BUCH DER FREUNDE XX

Der vollkommen Besonnene heißt der Seher.
Als irdische Wesen streben wir nach geistiger Ausbildung – nach Geist überhaupt.
Als außerirdische, geistige Wesen, nach irdischer Ausbildung – nach Körper überhaupt.
Nur durch Sittlichkeit gelangen wir beide zu unsern Zwecken. Ein Dämon, der erscheinen kann – wirklich erscheinen – muss ein guter Geist sein. So wie der Mensch (der wirklich Wunder tun kann) – der wirklich mit den Geistern Umgang pflegen kann. Ein Mensch, der Geist wird – ist zugleich ein Geist, der Körper wird. Diese höhere Art von Tod, wenn ich mich so ausdrücken darf, hat mit dem gemeinen Tode nichts zu schaffen – es wird etwas sein, was wir Verklärung nennen können.

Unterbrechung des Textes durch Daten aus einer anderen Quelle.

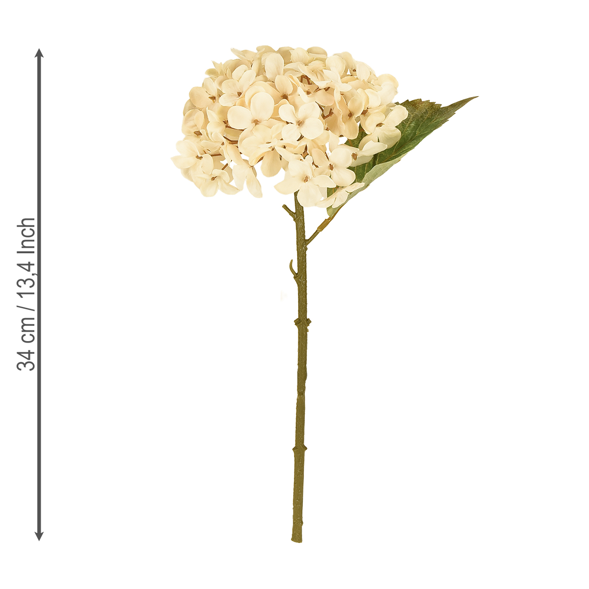 Nämä kermanväriset keinotekoiset hortensiat ovat täydellinen kukkakoriste kesään ja syksyyn! Noin 34 cm korkeat ja elegantin kermanväriset, poikkeuksellisen realistiset silkkikukat sulautuvat saumattomasti minkä tahansa huoneen sisustukseen. Tämä keinotekoinen hortensian (latinaksi: Hydrangea ) kopio heijastaa hieman kuivuneen kukan kauneutta loppukesästä ja antaa kotiisi romanttisen, nostalgisen ilmeen. Kukat on valmistettu korkealaatuisesta silkistä ja ne istuvat tukevalla mutta joustavalla varrella, jonka metallinen ydin voidaan muotoilla mieleiseksesi. Kermanväriset kukkapäät vihreine lehtineen näyttävät petollisen aidoilta ja ihastuttavat varmasti shabby chic -tyylisten kodinsisusteiden ystäviä. Nämä silkkihortensiat sopivat täydellisesti hillityihin pöytäasetelmiin, kestäviin syyskoristeisiin ja inspiroiviin tee-se-itse-projekteihin.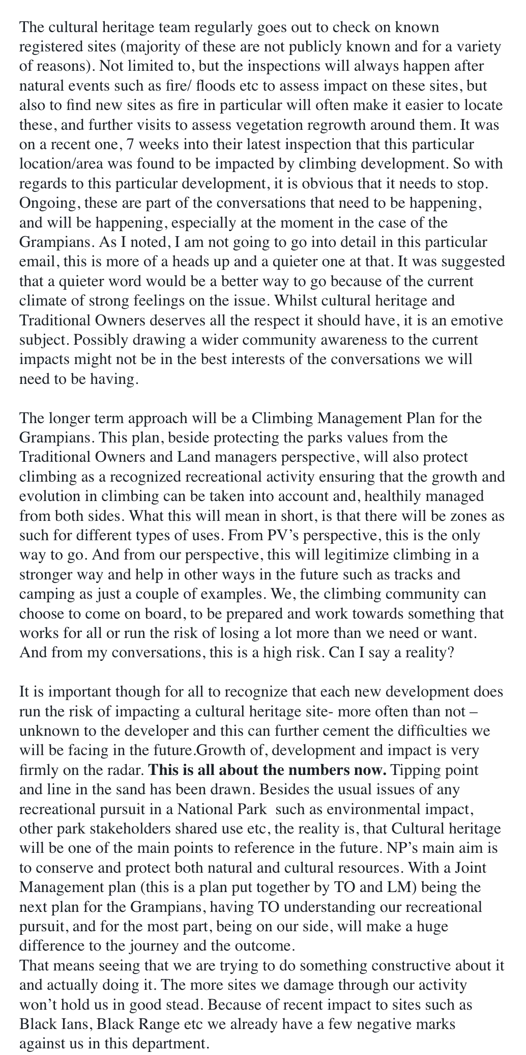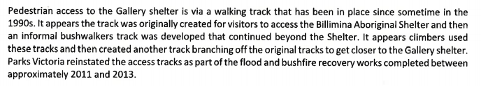 The email explains to Aboriginal Victoria the actions they have taken to protect the quarry site at the base of The Gallery. What is intriguing is the way this document is written. It makes it sound like the bolts and chalk are new developments – whilst the reality is they had been there for 25+ years and PV had even built a walking track up to the climbing area as recently as 2011.
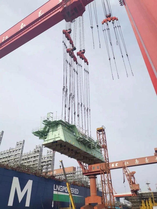 他们为法国达飞海运建造的全球最大双燃料集装箱船 23000箱系列船的第二艘船主机吊装完成,创造了国内迄今为止该型号主机吊装周期最短纪录。此次吊装的主机太大,总重量高达2200吨,公司要求7天完成主机吊装、安装的目标。按照传统的工作方式,这几乎是不可能完成的任务,整个项目的参与人员面临前所未有的压力。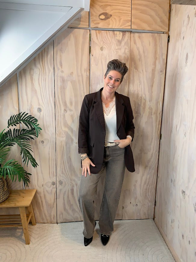 Deze jeans met rechte pijpen is zo'n broek die je elke dag uit de kast pakt. Het model heeft een prachtige bruine was die meteen een chique, warme uitstraling geeft. Perfect voor zowel een casual look met sneakers als een stijlvolle outfit met hakken.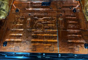 Первый слой - виброизоляция Шумофф М2. Затем уложили шумо-теплоизоляцию Шумофф П4 для сохранения комфортной температуры внутри авто. Финальный слой шумопоглотитель Шумофф Герметон 7. Материал плотно прикатывается валиком по ровной плоскости, исключая усилители и попадание воздуха.

Der jüngste Tag wird kein einzelner Tag, sondern nichts als diejenige Periode sein, die man auch das tausendjährige Reich nennt.
Jeder Mensch kann seinen Jüngsten Tag durch Sittlichkeit herbeirufen. Unter uns währt das tausendjährige Reich beständig. Die Besten unter uns, die schon bei ihren Lebzeiten zu der Geisterwelt gelangten – sterben nur scheinbar; sie lassen sich nur scheinbar sterben – so erscheinen auch die guten Geister, die bis zur Gemeinschaft mit der Körperwelt ihrerseits gelangten, nicht, um uns nicht zu stören. Wer hier nicht zur Vollendung gelangt, gelangt vielleicht drüben – oder muss eine abermalige irdische Laufbahn beginnen.
Sollte es nicht auch drüben einen Tod geben, dessen Resultat irdische Geburt wäre.
So wäre das Menschengeschlecht kleiner – an Zahl geringer, als wir dächten. Doch es lässt sich auch noch anders denken.
Gespenster – indirekte, falsche, täuschende Verklärung – Resultat der Verfinsterung. Nur dem Weisen, dem schon hienieden Verklärten, erscheinen verkörperte Geister.
Friedrich von Hardenberg/Novalis, Naturwissenschaftliche Studien, 1798 – 1799.